ARDS (Acute Respiratory Distress Syndrome)
Diffuse alveolar damage from direct or indirect lung injury — Berlin criteria: bilateral infiltrates + PaO2/FiO2 <300 + not fully explained by cardiac failure + acute onset within 1 week; usually ICU
Symptoms / Associated Sx
Severe progressive dyspnea and tachypnea
Refractory hypoxia — SpO2 <88% despite high FiO2
Bilateral crackles (diffuse alveolar damage)
Tachycardia, agitation, altered mentation
Signs of the underlying trigger: fever (sepsis/pneumonia), abdominal tenderness (aspiration/pancreatitis), trauma injuries
Denies
Elevated BNP + cardiomegaly + bilateral effusions (rules out cardiogenic pulmonary edema as primary — though can coexist; PCWP <18 in ARDS)
Onset >1 week from insult (Berlin criteria require <1 week from triggering event)
Unilateral infiltrates (rules out ARDS — must be bilateral; consider pneumonia, atelectasis)
Social History (SHx)
Sepsis source (pneumonia, abdominal — most common triggers), aspiration event, recent trauma or surgery, alcohol use, transfusion history (TRALI — transfusion-related ARDS), immunosuppression, prior lung disease, baseline ABG values.
Main Etiology
Pulmonary (direct): Pneumonia (most common), aspiration, pulmonary contusion, near-drowning, toxic inhalation
Extrapulmonary (indirect): Sepsis (most common indirect cause), severe pancreatitis, massive transfusion, trauma, burns, DIC
TRALI: Transfusion-related acute lung injury — within 6h of transfusion; donor anti-HLA antibodies activate recipient neutrophils
Most Common DDx
Cardiogenic pulmonary edema (elevated BNP; JVD; bilateral effusions; cardiomegaly; responds to diuretics + vasodilators; PCWP >18; echo shows LV dysfunction)
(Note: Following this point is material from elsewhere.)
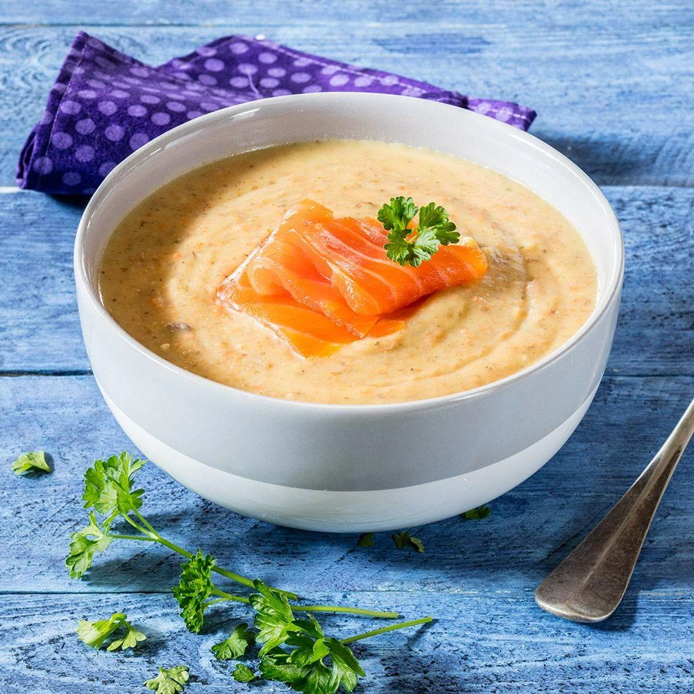 - Верните суп в кастрюлю, посолите, поперчите, прогрейте.

Bilateral pneumonia (can be indistinguishable from ARDS; fever + leukocytosis + consolidation; cultures positive; responds to antibiotics — though severe bilateral pneumonia IS ARDS)
Diffuse alveolar hemorrhage (bilateral infiltrates + hemoptysis + falling Hgb; ANCA/anti-GBM; BAL progressively bloodier — see DAH section)
Acute eosinophilic pneumonia (fever + bilateral infiltrates; eosinophilia on BAL; new exposure; responds to steroids)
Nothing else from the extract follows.